Users can also track cases from 2016 and 2018, and reinterviews from
2020 with the variable samptype
.
data("gss_panel20")
gss_panel20
#> # A tibble: 5,215 × 4,296
#> samptype yearid fileversion panstat wtssall_1a wtssall_1b wtssall_2
#> <dbl+lbl> <chr> <chr> <dbl+l> <dbl> <dbl> <dbl>
#> 1 2016 [sample from… 20160… GSS 2020 P… 1 [sel… 0.957 NA 1.09
#> 2 2016 [sample from… 20160… GSS 2020 P… 1 [sel… 0.478 NA 0.543
#> 3 2016 [sample from… 20160… GSS 2020 P… 0 [not… 0.957 NA NA
#> 4 2016 [sample from… 20160… GSS 2020 P… 1 [sel… 1.91 NA 2.17
#> 5 2016 [sample from… 20160… GSS 2020 P… 0 [not… 1.44 NA NA
#> 6 2016 [sample from… 20160… GSS 2020 P… 2 [sel… 0.957 NA NA
#> 7 2016 [sample from… 20160… GSS 2020 P… 0 [not… 1.44 NA NA
#> 8 2016 [sample from… 20160… GSS 2020 P… 1 [sel… 0.957 NA 1.09
#> 9 2016 [sample from… 20160… GSS 2020 P… 1 [sel… 0.957 NA 1.09
#> 10 2016 [sample from… 20160… GSS 2020 P… 0 [not… 0.957 NA NA
#> # ℹ 5,205 more rows
#> # ℹ 4,289 more variables: wtssnr_1a <dbl>, wtssnr_1b <dbl>, wtssnr_2 <dbl>,
#> # vstrat_1a <dbl>, vstrat_1b <dbl>, vstrat_2 <dbl>, vpsu_1a <dbl>,
#> # vpsu_1b <dbl>, vpsu_2 <dbl>, year_1a <int>, year_1b <int>, year_2 <int>,
#> # id_1a <dbl>, id_1b <dbl>, id_2 <dbl>, mar1_1a <dbl+lbl>, mar2_1a <dbl+lbl>,
#> # mar3_1a <dbl+lbl>, mar4_1a <dbl+lbl>, mar5_1a <dbl+lbl>, mar6_1a <dbl+lbl>,
#> # mar7_1a <dbl+lbl>, mar8_1a <dbl+lbl>, mar9_1a <dbl+lbl>, …

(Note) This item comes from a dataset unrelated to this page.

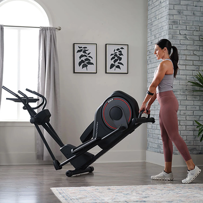 Libere espacio después de su entrenamiento rodando su máquina con las ruedas de transporte montadas en la parte delantera.
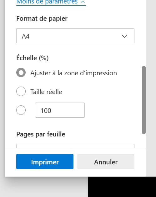 Bon j'ai créer un pdf format A4 entièrement noir et ouvert ensuite avec Edge. L'impression donne à peu de chose près la même chose c'est à dire qu'il y a bien des marges blanches sur les côtés, surtout en haut et en bas. Par contre en imprimant comme ça je ne tombe pas sur les mêmes fonctionnalités

Unlike the other panels, these data are provided in wide format. Users are strongly encouraged to read the official documentation at the NORC website.
The GSS administrators have released a Methodological Primer along with the Documentation and Codebook for the 2021 survey that users should read carefully in connection with the effects of COVID-19 on data collection for the GSS.
The Primer notes:
Since its inception, the GSS has conducted data collection via in-person interviews as its primary mode of data collection. The pandemic forced the GSS to change this design, moving from in-person to address- based sampling and a push-to-web methodology, with the bulk of the interview conducted online via a self- administered questionnaire.
In addition,
We recommend our users include the one of the following statements when reporting on the GSS 2021 Cross-section data: Total Survey Error Summary Perspective for the 2021 GSS Cross-section: Changes in opinions, attitudes, and behaviors observed in 2021 relative to historical trends may be due to actual change in concept over time and/or may have resulted from methodological changes made to the survey methodology during the COVID-19 global pandemic.
And,
Suggested Statement to Include in Articles and Reports That Use GSS Data: To safeguard the health of staff and respondents during the COVID-19 pandemic, the 2021 GSS data collection used a mail-to-web methodology instead of its traditional in-person interviews. Research and interpretation done using the data should take extra care to ensure the analysis reflects actual changes in public opinion and is not unduly influenced by the change in data collection methods. For more information on the 2021 GSS methodology and its implications, please visit https://gss.norc.org/Get-The-Data
The package is documented at http://kjhealy.github.io/gssr/. The GSS
homepage is at http://gss.norc.org/. While the gssr
package
incorporates the publicly-available GSS cumulative data file, this
package is not associated with or endorsed by the National Opinion
Research Center or the General Social Survey.